- Data extracted from a collection
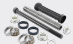
KITS DE BRAZO DE SUSPENSIÓN KS 5

Elegir la oferta SNR es elegir la calidad y la eficiencia.
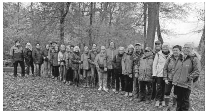
Die Teilnehmer genossen die Gesundheitswanderung im Teningen Allmendwald.
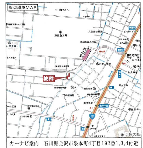
カーナビ案内 石川県金沢市泉本町4丁目192番1,3,4付近
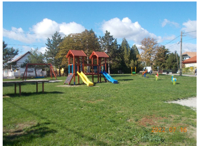
A megújult Nefelejcs úti játszótér

A Magyar Falu Program keretében támogatói döntéssel rendelkező MFP-OJKJF/2021 kódszámú, Óvodai játszóudvar és közterületi játszótér fejlesztése című a 3042 Palotás belterület 164. hrsz. alatti ingatlanon a kivitelezési tervdokumentáció szerinti játszótéri eszközök beszerzését és telepítését elvégezte 2022 júliusában a nyertes ajánlattevő, Terra-Forte Bau Kft (3662 Ózd, Somsályfő telep 1.). A Nefelejcs úti játszótéren 2 db rugós játék, mókuserék, kéttornyú játszóvár, fészekhinta, mérlegkhinta került telepítésre.
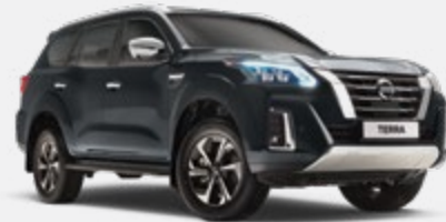
Gris - K21
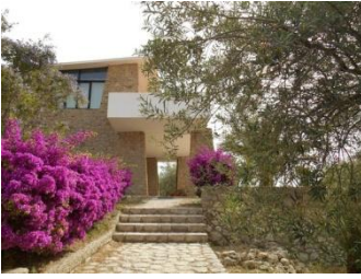
Riesi, centre d'accueil de l'Eglise Vaudoise
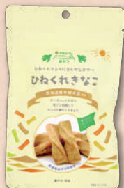
9010 ひねくれきなこ 313円(290円)
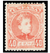
1401 50 €
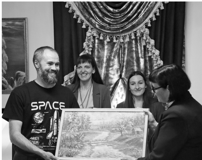
В подарок - новый экспонат

- Надо сказать спасибо людям! Вот хранится у них что-то дома, они приносят это в музей. Без этого бы ничего не было, ни в нашем музее, ни в одном другом, - отметил
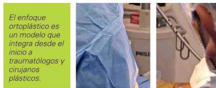
El enfoque ortopédico es un modelo que integra desde el inicio a traumatólogos y cirujanos plásticos.
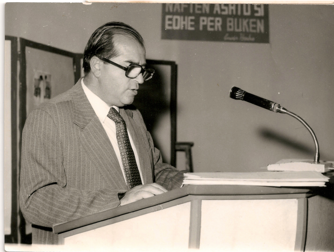
Për shtetet, nafta dhe gazi janë të nevojshme si buka. Pa bukë e pa naftë nuk ka pavarësi!

- About this exercise
Please copy every record above exactly, but leave the pictures out.

- Task answer
KITS DE BRAZO DE SUSPENSIÓN KS 5

Elegir la oferta SNR es elegir la calidad y la eficiencia.
Die Teilnehmer genossen die Gesundheitswanderung im Teningen Allmendwald.
カーナビ案内 石川県金沢市泉本町4丁目192番1,3,4付近
A megújult Nefelejcs úti játszótér

A Magyar Falu Program keretében támogatói döntéssel rendelkező MFP-OJKJF/2021 kódszámú, Óvodai játszóudvar és közterületi játszótér fejlesztése című a 3042 Palotás belterület 164. hrsz. alatti ingatlanon a kivitelezési tervdokumentáció szerinti játszótéri eszközök beszerzését és telepítését elvégezte 2022 júliusában a nyertes ajánlattevő, Terra-Forte Bau Kft (3662 Ózd, Somsályfő telep 1.). A Nefelejcs úti játszótéren 2 db rugós játék, mókuserék, kéttornyú játszóvár, fészekhinta, mérlegkhinta került telepítésre.
Gris - K21
Riesi, centre d'accueil de l'Eglise Vaudoise
9010 ひねくれきなこ 313円(290円)
1401 50 €
В подарок - новый экспонат

- Надо сказать спасибо людям! Вот хранится у них что-то дома, они приносят это в музей. Без этого бы ничего не было, ни в нашем музее, ни в одном другом, - отметил
El enfoque ortopédico es un modelo que integra desde el inicio a traumatólogos y cirujanos plásticos.
Për shtetet, nafta dhe gazi janë të nevojshme si buka. Pa bukë e pa naftë nuk ka pavarësi!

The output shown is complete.